Anyway, the point made was about aid. The OECD is currently inviting developing countries to join one of its fora, on two conditions: first, that they sign up to everything just agreed (largely without them) in the Base Erosion and Profit Shifting initiative; and second, that they pay for the privilege. An outsider would suggest that the technical budget of the OECD, plus a highly progressive sliding scale of fees, would be sufficient to get a new body going fairly well.

And in the medium-term or sooner, investment in such a body is likely to yield substantial returns – from even a small dent in multinational profit-shifting (estimated to be around 25% of global profits) and/or undeclared offshore assets (where the low-end estimate is around 8% of private household wealth).

There are very good reasons to invest aid directly in public services such as education and health, and a good chance in many cases of eventual economic returns through higher GDP. But we also have evidence that governments perform better when tax is the main source of revenue, and that a higher proportion of tax than aid tends to be spent on those public services – so the priority has to be to support national tax-raising efforts.

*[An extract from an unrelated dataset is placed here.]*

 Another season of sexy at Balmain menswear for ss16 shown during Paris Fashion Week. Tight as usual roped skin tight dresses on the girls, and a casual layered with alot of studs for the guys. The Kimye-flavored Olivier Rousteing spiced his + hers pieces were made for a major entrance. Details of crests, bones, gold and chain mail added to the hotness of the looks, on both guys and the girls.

This means that it’s likely to be a highly efficient use of a small fraction of the global aid budget to support an intergovernmental tax body tasked with improving the international transparency of assets, income streams and profits; and with providing a globally representative space to discuss and agree improvements to international tax rules. Focusing on the potential upfront cost, to the exclusion of the likely return, is myopic to the point of being self-defeating.

3.      An intergovernmental tax body is a threat to national sovereignty

Perhaps the most damaging thing said was this from Christine Lagarde:

“[I]f anything, levying taxation is considered as an attribute of sovereignty, and anything that takes away from that is going to be very strongly opposed by many countries in the world, many forces.”

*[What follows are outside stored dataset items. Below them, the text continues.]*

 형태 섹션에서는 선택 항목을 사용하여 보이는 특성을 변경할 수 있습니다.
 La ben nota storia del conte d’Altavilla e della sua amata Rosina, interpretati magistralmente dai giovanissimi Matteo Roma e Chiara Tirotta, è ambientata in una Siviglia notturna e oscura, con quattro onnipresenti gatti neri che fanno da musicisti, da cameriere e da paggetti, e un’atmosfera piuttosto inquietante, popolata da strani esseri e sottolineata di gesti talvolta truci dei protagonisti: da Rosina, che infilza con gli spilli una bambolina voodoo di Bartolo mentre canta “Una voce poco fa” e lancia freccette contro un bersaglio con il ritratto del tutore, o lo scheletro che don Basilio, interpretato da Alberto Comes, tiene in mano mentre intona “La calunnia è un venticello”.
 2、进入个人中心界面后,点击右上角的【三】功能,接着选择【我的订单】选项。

This rests on a fundamental misunderstanding of the proposal, and of the way that international tax currently operates. If decisions about taxes were simply to be given up by national legislatures, to some world tax authority for example, there might be a point. But the entire purpose of the proposal is to return and bolster tax sovereignty at the national level.

Without good information on the offshore assets and income streams of residents, or on the full global operations of multinational companies, national tax authorities are unable to take sovereign decisions over direct taxation – meaning, all too often, that they are unable to achieve either the level of revenues or of progressive reduction in inequality that political preferences would indicate. An intergovernmental body that addresses these issues would bolster sovereignty for the great majority of states.

One group would, however, face a possible threat. At risk would be the sovereign freedom of Panama and others, including many states of the USA, to offer financial secrecy vehicles that undermine taxing rights elsewhere. Most would see the decision here as a clear one. But even here, there would for the first time be a truly representative, global body to take such decisions about the relative merits of protecting different types of sovereignty – rather than the narrow OECD.

Tune in

Perhaps Sunday’s event will see a beautiful consensus emerge – frankly, it’s about time.

The OECD has, arguably, had its chance to show it can provide a forum for truly global discussion and agreement. The failure of the BEPS process to deliver for developing countries above all has surely closed the door on that.

Or else it’s been achieved by the organisation’s current, increasingly laughable inability to name the United States – rather than Panama – as by far the biggest remaining financial centre to refuse to sign up to automatic exchange of tax information.

The US (perhaps still with UK support) retains the power, if not the credibility, to block the creation of an intergovernmental body. But as the US is increasingly seen as the tax haven of choice, for how long?